** ENTRIES SUPPLIED follows **
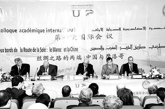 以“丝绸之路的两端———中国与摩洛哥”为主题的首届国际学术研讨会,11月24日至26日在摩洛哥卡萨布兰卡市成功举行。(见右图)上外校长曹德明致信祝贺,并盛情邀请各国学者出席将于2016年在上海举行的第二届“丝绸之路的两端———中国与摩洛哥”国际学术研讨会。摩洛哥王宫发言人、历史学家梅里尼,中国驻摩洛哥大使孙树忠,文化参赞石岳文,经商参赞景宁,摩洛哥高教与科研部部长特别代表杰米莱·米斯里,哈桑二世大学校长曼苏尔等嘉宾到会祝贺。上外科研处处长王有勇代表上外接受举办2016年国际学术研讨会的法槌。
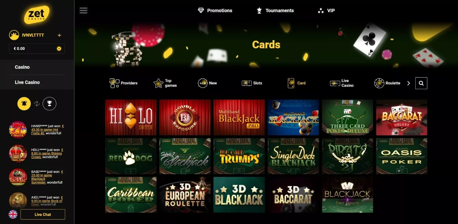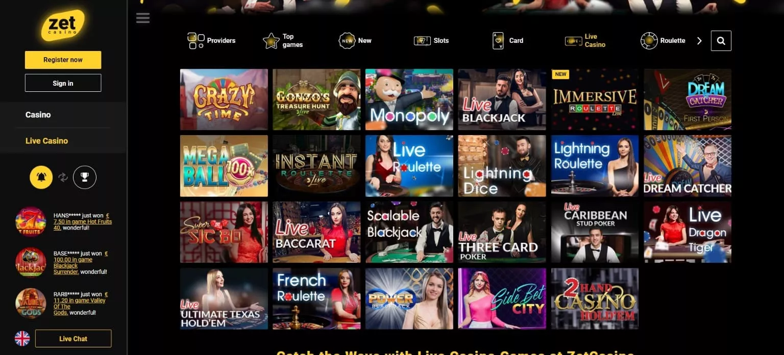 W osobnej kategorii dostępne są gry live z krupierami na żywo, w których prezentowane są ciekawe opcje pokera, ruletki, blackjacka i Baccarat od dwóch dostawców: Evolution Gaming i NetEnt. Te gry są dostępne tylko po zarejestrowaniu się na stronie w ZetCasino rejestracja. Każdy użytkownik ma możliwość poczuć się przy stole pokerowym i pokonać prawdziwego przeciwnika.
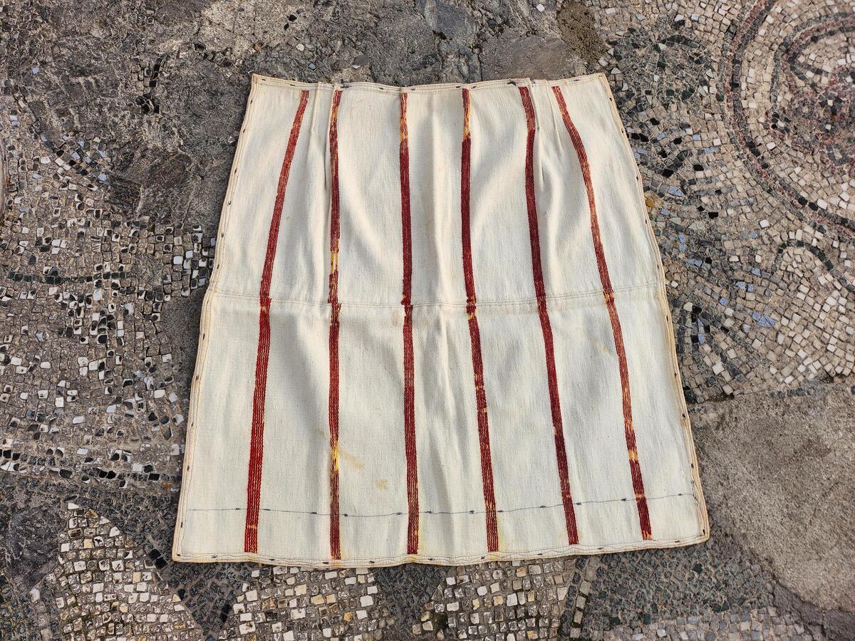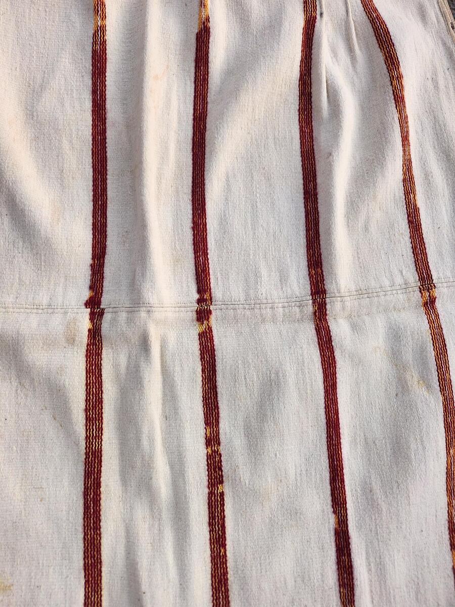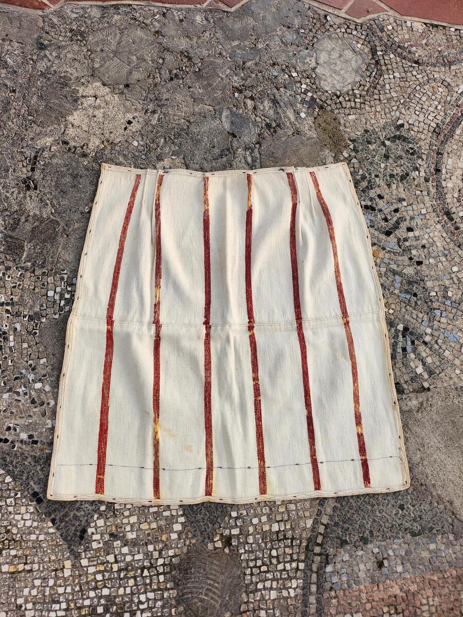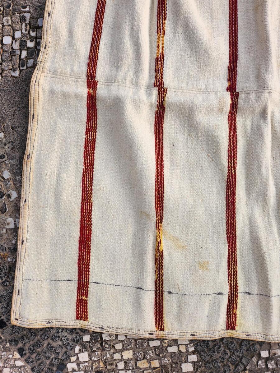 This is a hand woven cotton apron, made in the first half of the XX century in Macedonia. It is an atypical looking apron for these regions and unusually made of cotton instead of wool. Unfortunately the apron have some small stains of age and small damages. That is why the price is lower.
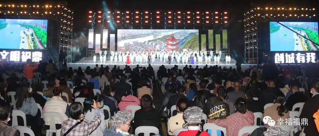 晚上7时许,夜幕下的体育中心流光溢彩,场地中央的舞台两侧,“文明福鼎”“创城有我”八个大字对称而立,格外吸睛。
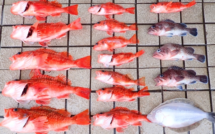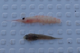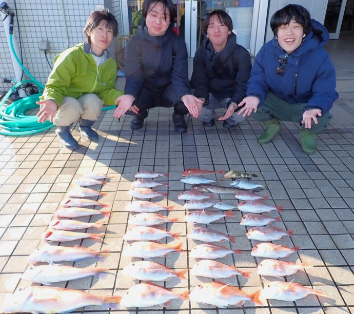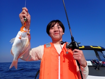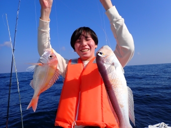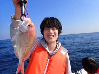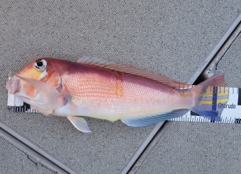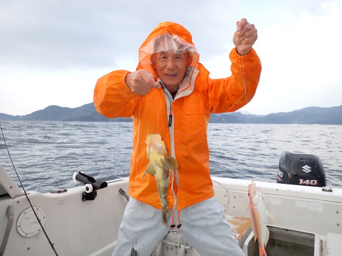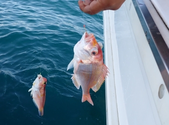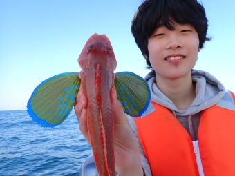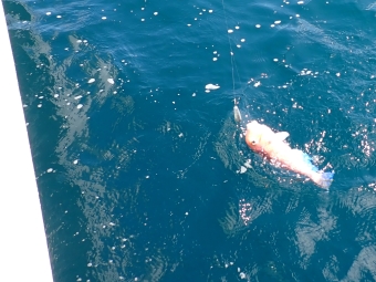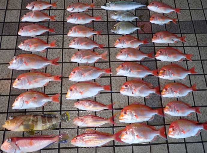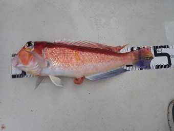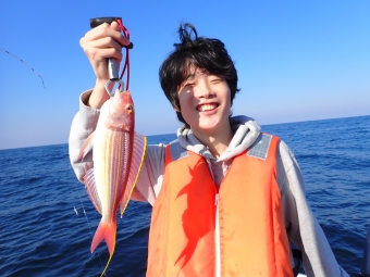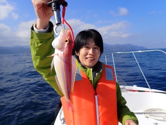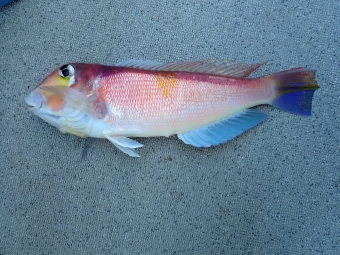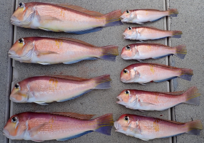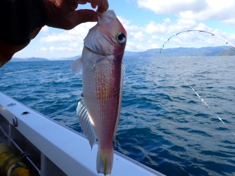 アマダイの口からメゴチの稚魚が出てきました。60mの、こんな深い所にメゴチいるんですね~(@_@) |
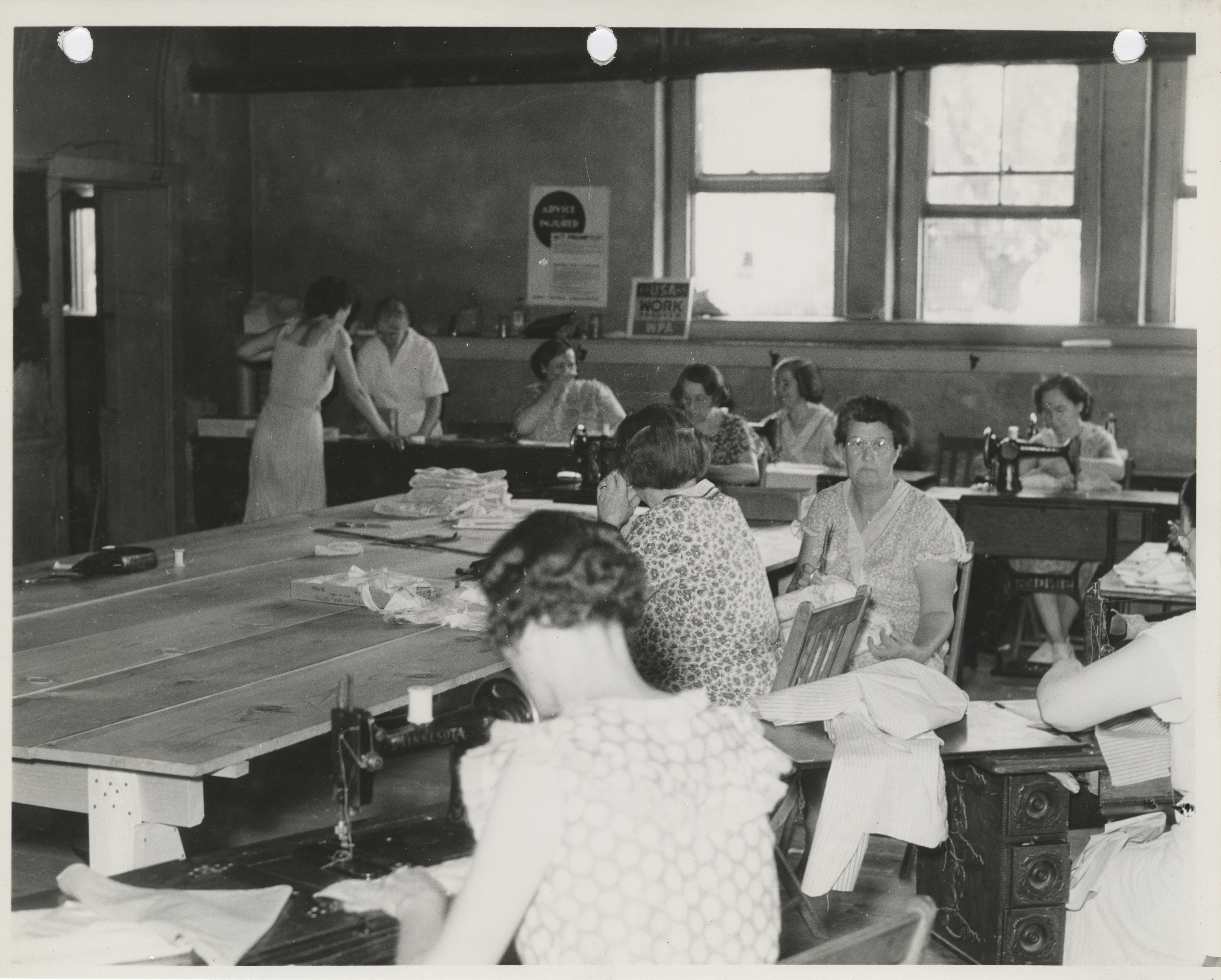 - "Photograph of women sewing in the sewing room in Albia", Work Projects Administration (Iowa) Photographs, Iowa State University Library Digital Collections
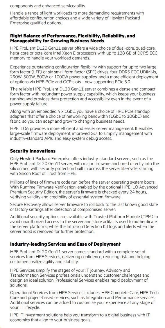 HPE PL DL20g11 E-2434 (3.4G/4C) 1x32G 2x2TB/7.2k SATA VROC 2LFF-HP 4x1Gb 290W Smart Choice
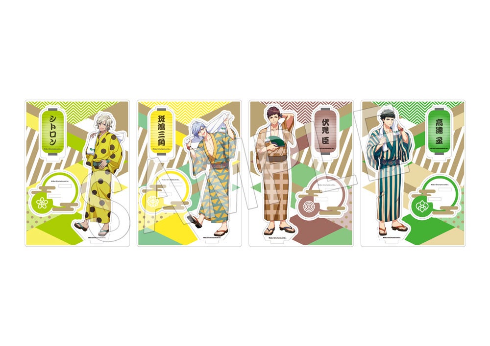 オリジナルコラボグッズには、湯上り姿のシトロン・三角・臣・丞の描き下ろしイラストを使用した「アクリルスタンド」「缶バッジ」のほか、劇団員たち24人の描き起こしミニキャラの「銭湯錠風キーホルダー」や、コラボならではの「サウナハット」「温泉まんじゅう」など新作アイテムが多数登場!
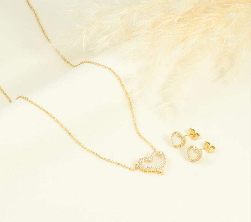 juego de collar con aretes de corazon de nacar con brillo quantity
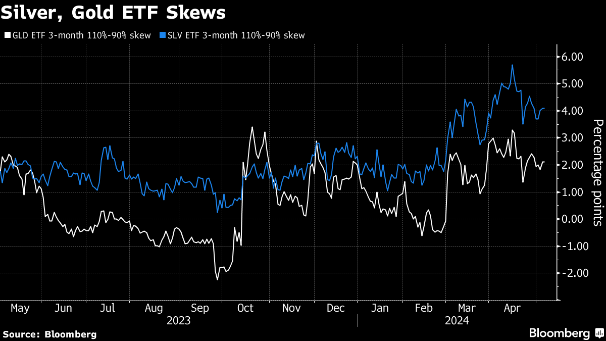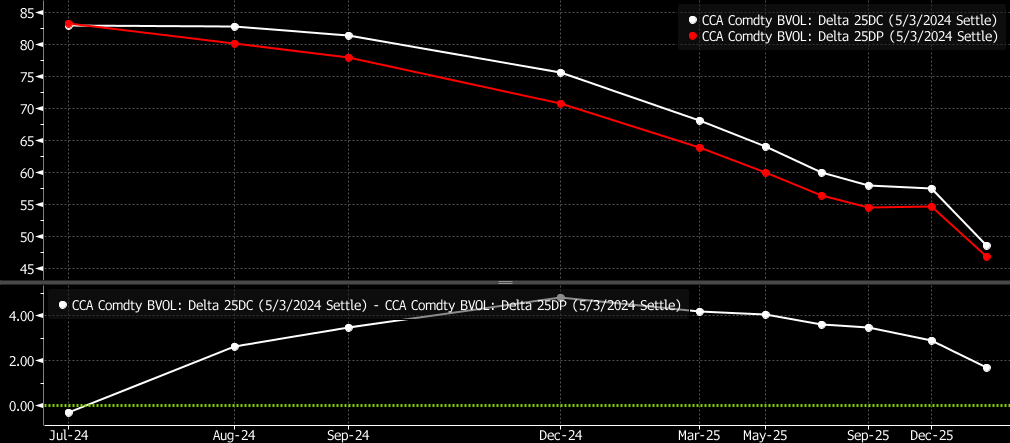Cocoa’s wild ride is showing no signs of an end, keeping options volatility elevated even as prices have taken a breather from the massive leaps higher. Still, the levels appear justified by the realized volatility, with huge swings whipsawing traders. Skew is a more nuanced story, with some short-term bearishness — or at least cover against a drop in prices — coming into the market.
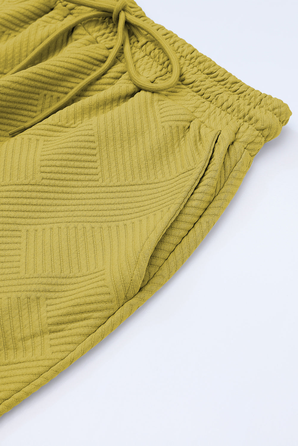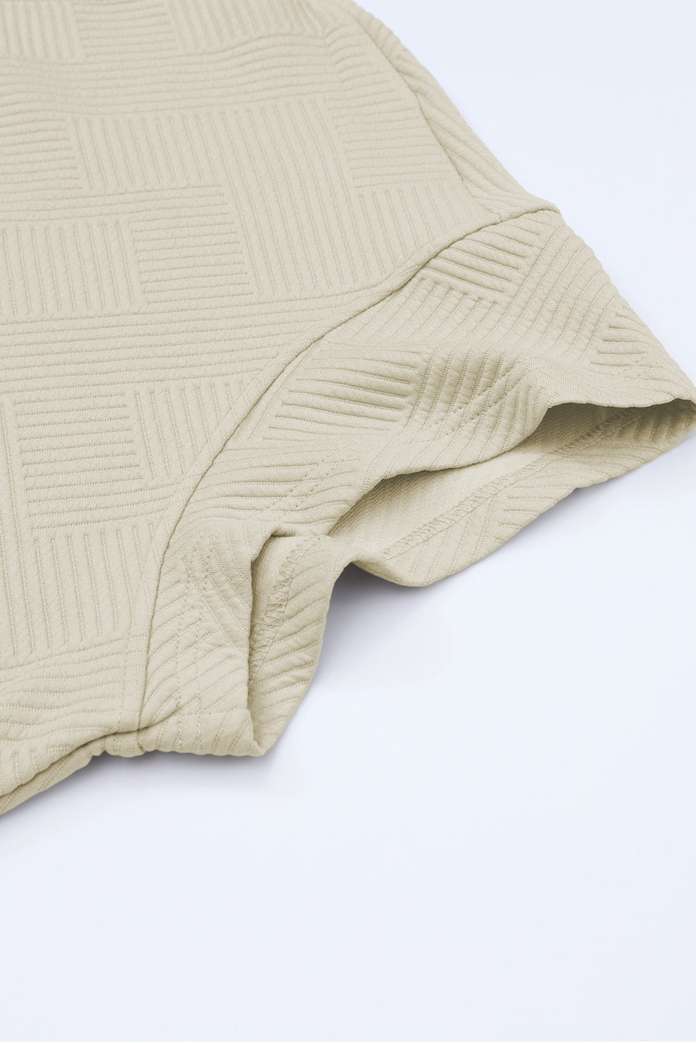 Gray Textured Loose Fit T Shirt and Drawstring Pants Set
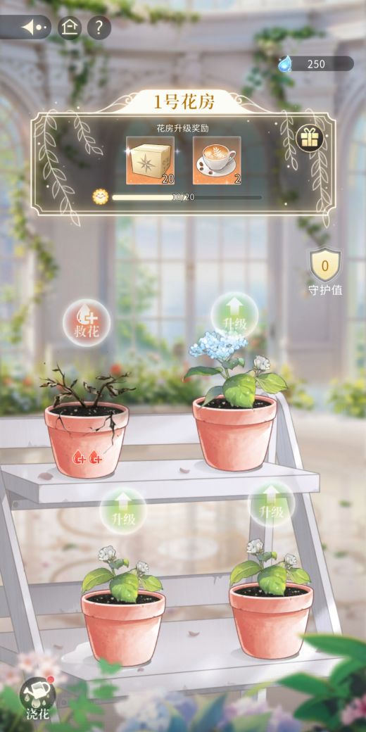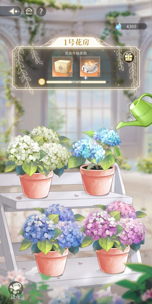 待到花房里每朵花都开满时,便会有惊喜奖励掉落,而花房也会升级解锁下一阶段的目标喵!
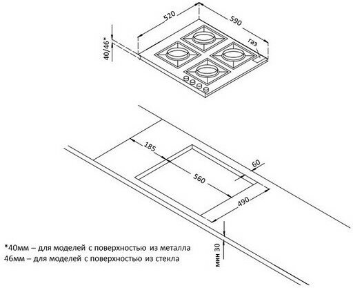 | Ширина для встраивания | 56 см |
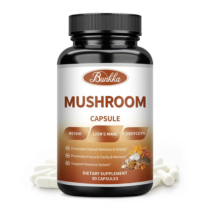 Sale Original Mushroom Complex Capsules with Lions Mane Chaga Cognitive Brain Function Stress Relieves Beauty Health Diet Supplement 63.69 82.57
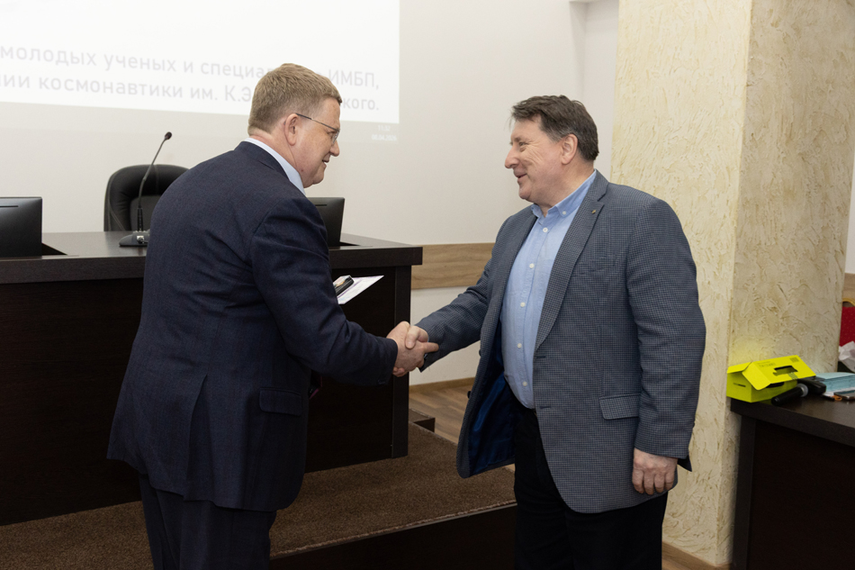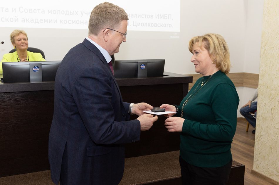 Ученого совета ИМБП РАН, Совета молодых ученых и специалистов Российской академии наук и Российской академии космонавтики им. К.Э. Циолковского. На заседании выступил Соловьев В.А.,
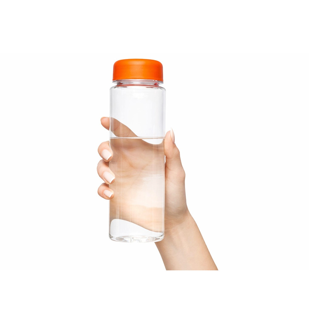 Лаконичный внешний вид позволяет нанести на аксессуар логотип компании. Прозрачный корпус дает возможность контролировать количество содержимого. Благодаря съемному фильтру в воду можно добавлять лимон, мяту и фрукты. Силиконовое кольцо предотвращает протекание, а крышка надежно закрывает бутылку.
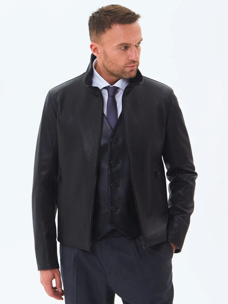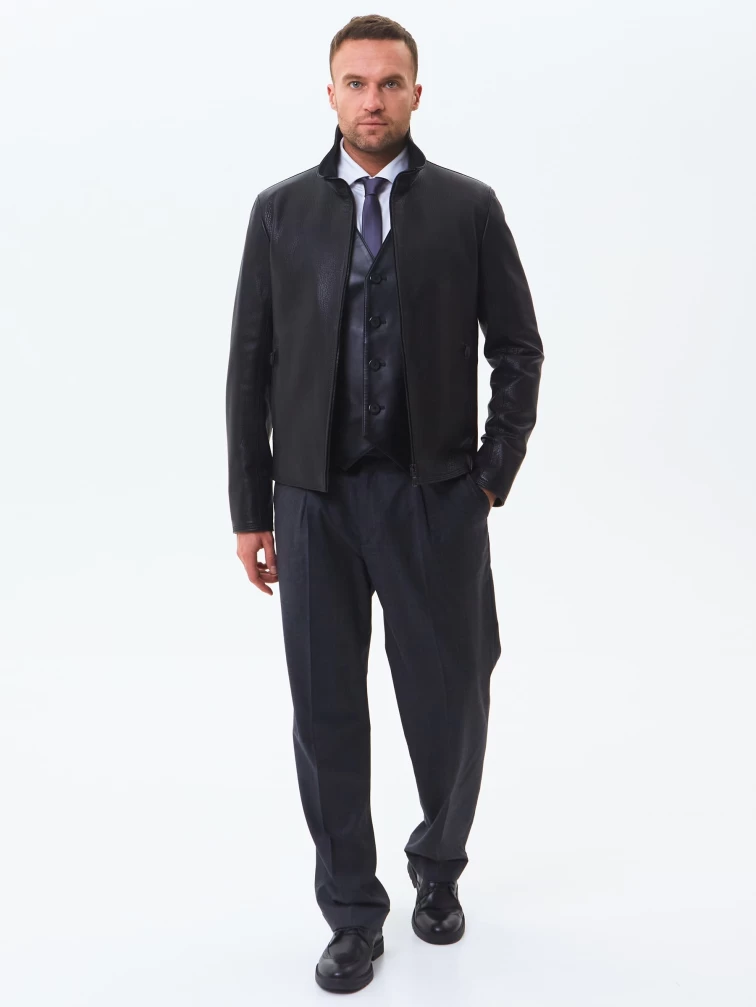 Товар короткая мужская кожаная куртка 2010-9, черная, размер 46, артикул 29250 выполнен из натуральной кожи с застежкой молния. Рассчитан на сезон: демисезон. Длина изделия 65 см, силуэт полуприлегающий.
** End of ENTRIES SUPPLIED **
# EXERCISE BRIEF
Omit every picture, and please return the entries exactly from the first line through the line with "This is a hand", both included.

# TASK RESPONSE
 以“丝绸之路的两端———中国与摩洛哥”为主题的首届国际学术研讨会,11月24日至26日在摩洛哥卡萨布兰卡市成功举行。(见右图)上外校长曹德明致信祝贺,并盛情邀请各国学者出席将于2016年在上海举行的第二届“丝绸之路的两端———中国与摩洛哥”国际学术研讨会。摩洛哥王宫发言人、历史学家梅里尼,中国驻摩洛哥大使孙树忠,文化参赞石岳文,经商参赞景宁,摩洛哥高教与科研部部长特别代表杰米莱·米斯里,哈桑二世大学校长曼苏尔等嘉宾到会祝贺。上外科研处处长王有勇代表上外接受举办2016年国际学术研讨会的法槌。
 W osobnej kategorii dostępne są gry live z krupierami na żywo, w których prezentowane są ciekawe opcje pokera, ruletki, blackjacka i Baccarat od dwóch dostawców: Evolution Gaming i NetEnt. Te gry są dostępne tylko po zarejestrowaniu się na stronie w ZetCasino rejestracja. Każdy użytkownik ma możliwość poczuć się przy stole pokerowym i pokonać prawdziwego przeciwnika.
 This is a hand woven cotton apron, made in the first half of the XX century in Macedonia. It is an atypical looking apron for these regions and unusually made of cotton instead of wool. Unfortunately the apron have some small stains of age and small damages. That is why the price is lower.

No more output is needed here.